Di sisi lain, agama Islam memiliki perintah khusus untuk mencegah permusuhan dan rasa dendam yang tidak pada tempatnya dalam masyarakat Islam. Karena perbedaan sifat manusia dari sisi etnis, agama dan budaya sosial. Keragaman ini berpotensi memunculkan perselisihan dan permusuhan dalam masyarakat. Agama Islam dengan memberi penekanan khusus akan kedamaian dan keakraban memperingatkan manusia untuk tidak terperangkap dalam sifat Jahiliah dan berusaha memusnahkan segala bentuk perselisihan dan konflik.
Imam Ali as ketika menasihati Malik al-Asytar mengatakan, "Wahai Malik! Jangan terlalu memikirkan rasa dengki yang berasal dari masyarakat."[1]
Agama Islam sangat memperhatikan keteraturan dan keamanan di tengah masyarakat dan mengajak semua anggota masyarakat untuk menjaganya. Pada saat yang sama Islam menyebut orang-orang yang memusuhi umat Islam sebagai orang jahat.
Nabi Muhammad Saw bersabda, "Orang yang paling jahat adalah yang memusuhi orang-orang Mukmin dan hati umat Islam juga membenci mereka."[2]
Di masa Nabi Saw, ada dua orang pemuda yang bertengkar. Yang satu berasal dari kaum Muhajirin dan yang kedua dari Anshar. Pemuda Muhajirin berteriak, "Wahai Muhajirin! Tolong saya." Pada saat yang sama, pemuda Anshar juga berteriak, "Wahai Anshar! Bantu saya." Mendengar teriakan keduanya, Nabi Saw keluar dan berkata, "Ada apa dengan teriakan Jahiliah ini?" Orang-orang yang ada di sana menjawab, "Wahai Nabi Allah! Tidak demikian. Ada dua anak muda yang bertengkar dan ada seorang yang menyerang dari belakang."

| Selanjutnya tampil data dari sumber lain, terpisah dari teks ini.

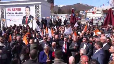 -Cevdet Yılmaz'ın belediye başkan adayı Gökhan Arasan'ı sahneye çağırması ve katılımcılara karanfil atması

Nabi Saw bersabda, "Tidak ada yang penting dalam pertikaian ini. Tapi setiap orang harus menolong saudaranya, baik itu penindas atau tertindas. Bila saudaranya pezalim, maka hendaknya mencegah perbuatannya. Inilah upaya dalam membantunya. Sementara bila saudaranya orang yang dizalimi, maka tolonglah dia."[3]
Nabi Saw dan Imam Maksum as senantiasa berusaha agar masyarakat Islam tidak menjadi sasaran para pelaku fitnah dan perselisihan. Mereka berusaha menciptakan perdamaian di antara masyarakat. Dari sini, Imam Ali as pasca wafatnya Nabi Muhammad Saw tidak bersikeras menuntut hak khilafah dikarenakan melihat pentingnya maslahat seluruh masyarakat Islam. Dengan demikian segala bentuk perselisihan sampai pertumpahan darah dapat dihindari.
Imam Ali as dalam khutbahnya menyinggung masalah ini:
"Sesungguhnya Allah Swt ketika mengambil ruh Nabi-Nya, Quraisy dengan percaya diri mendahulukan dirinya dari kami. Akhirnya, kami yang lebih layak dari semua dalam memimpin umat tidak dapat meraih hak kami. Tapi aku menyaksikan bahwa sesungguhnya bersabar bagiku lebih utama ketimbang terjadinya perselisihan di antara umat Islam dan terjadi pertumpahan darah. Karena masyarakat baru saja menerima Islam, sementara agama seperti tempat air yang penuh dengan susu yang hampir rusak dan sedikit kelemahan dan kelalaian akan merusaknya."[4]
Sumber: Dousti va Doust Dashtan dar Quran va Rivayat, Mohammad Hemmati, Markaz Pezhouhesh-ha Eslami Seda Va Sima, Qom, 1392 Hs.
[1] . Mustadrak al-Wasail, jilid 13, hal 147.
[2] . Syeikh Hurr al-?Amili, Wasail as-Syiah, jilid 12, hal 19.
[3] . Muslim bin Hajjaj Naisyaburi, Sahih Muslim, jilid 4, hal 1998.
[4] . Ibnu Abi al-Hadid, Syarh Nahju al-Balaghah, jilid 1, hal 308.